### RAW DATA
● ● ● ● ●

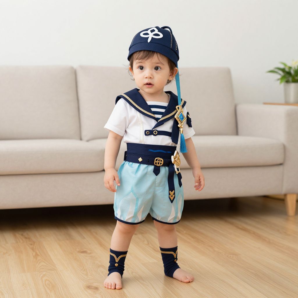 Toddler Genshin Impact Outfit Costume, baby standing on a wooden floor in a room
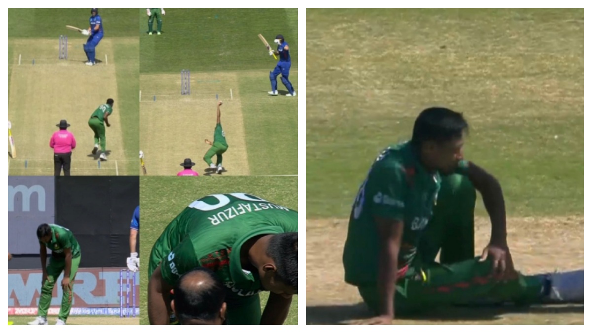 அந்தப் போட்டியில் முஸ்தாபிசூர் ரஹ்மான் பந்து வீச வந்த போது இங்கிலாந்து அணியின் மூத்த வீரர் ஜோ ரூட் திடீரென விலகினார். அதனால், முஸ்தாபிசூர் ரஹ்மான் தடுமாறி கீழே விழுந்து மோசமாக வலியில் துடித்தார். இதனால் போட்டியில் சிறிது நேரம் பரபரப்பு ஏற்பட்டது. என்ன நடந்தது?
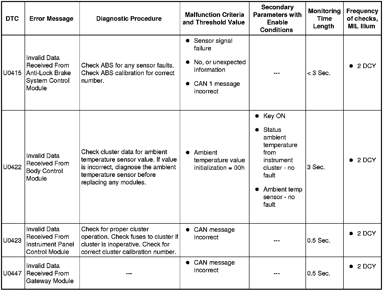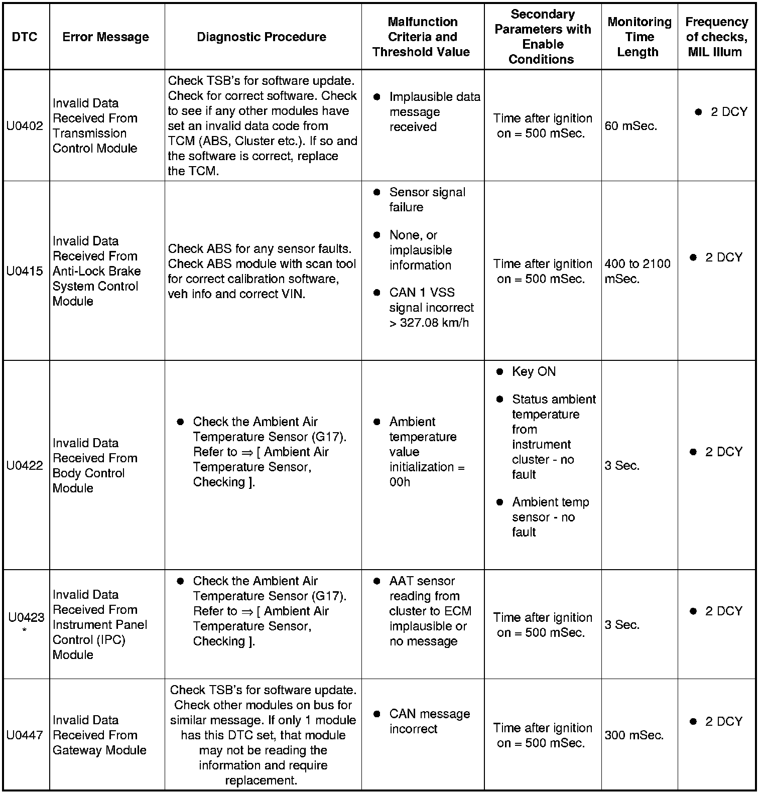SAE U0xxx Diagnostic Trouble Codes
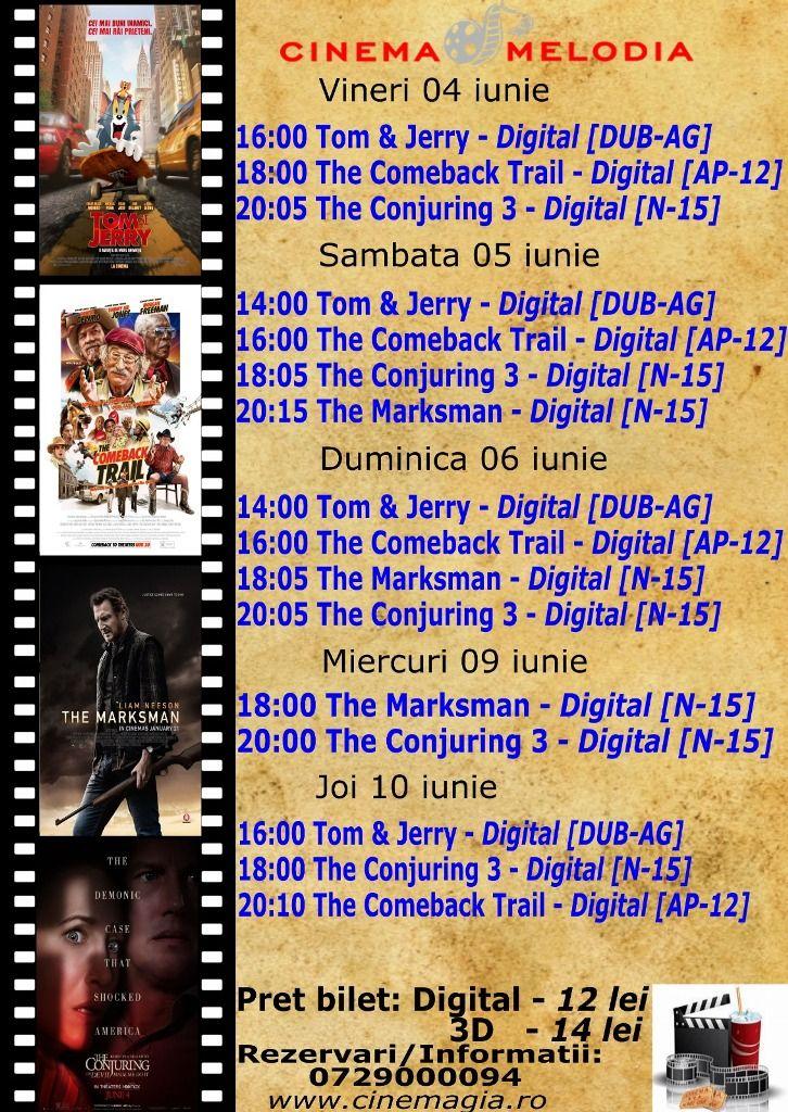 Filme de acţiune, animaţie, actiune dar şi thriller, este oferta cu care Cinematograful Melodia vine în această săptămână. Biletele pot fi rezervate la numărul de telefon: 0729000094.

● ● ● ● ●

### EXERCISE DIRECTIONS
Transcribe exactly the lines from the one holding "அந்தப் போட்டியில் முஸ்தாபிசூர்" through the final line of the material above, both ends included; any pictures should be dropped.

### ANSWER TO THIS TASK
 அந்தப் போட்டியில் முஸ்தாபிசூர் ரஹ்மான் பந்து வீச வந்த போது இங்கிலாந்து அணியின் மூத்த வீரர் ஜோ ரூட் திடீரென விலகினார். அதனால், முஸ்தாபிசூர் ரஹ்மான் தடுமாறி கீழே விழுந்து மோசமாக வலியில் துடித்தார். இதனால் போட்டியில் சிறிது நேரம் பரபரப்பு ஏற்பட்டது. என்ன நடந்தது?
SAE U0xxx Diagnostic Trouble Codes
 Filme de acţiune, animaţie, actiune dar şi thriller, este oferta cu care Cinematograful Melodia vine în această săptămână. Biletele pot fi rezervate la numărul de telefon: 0729000094.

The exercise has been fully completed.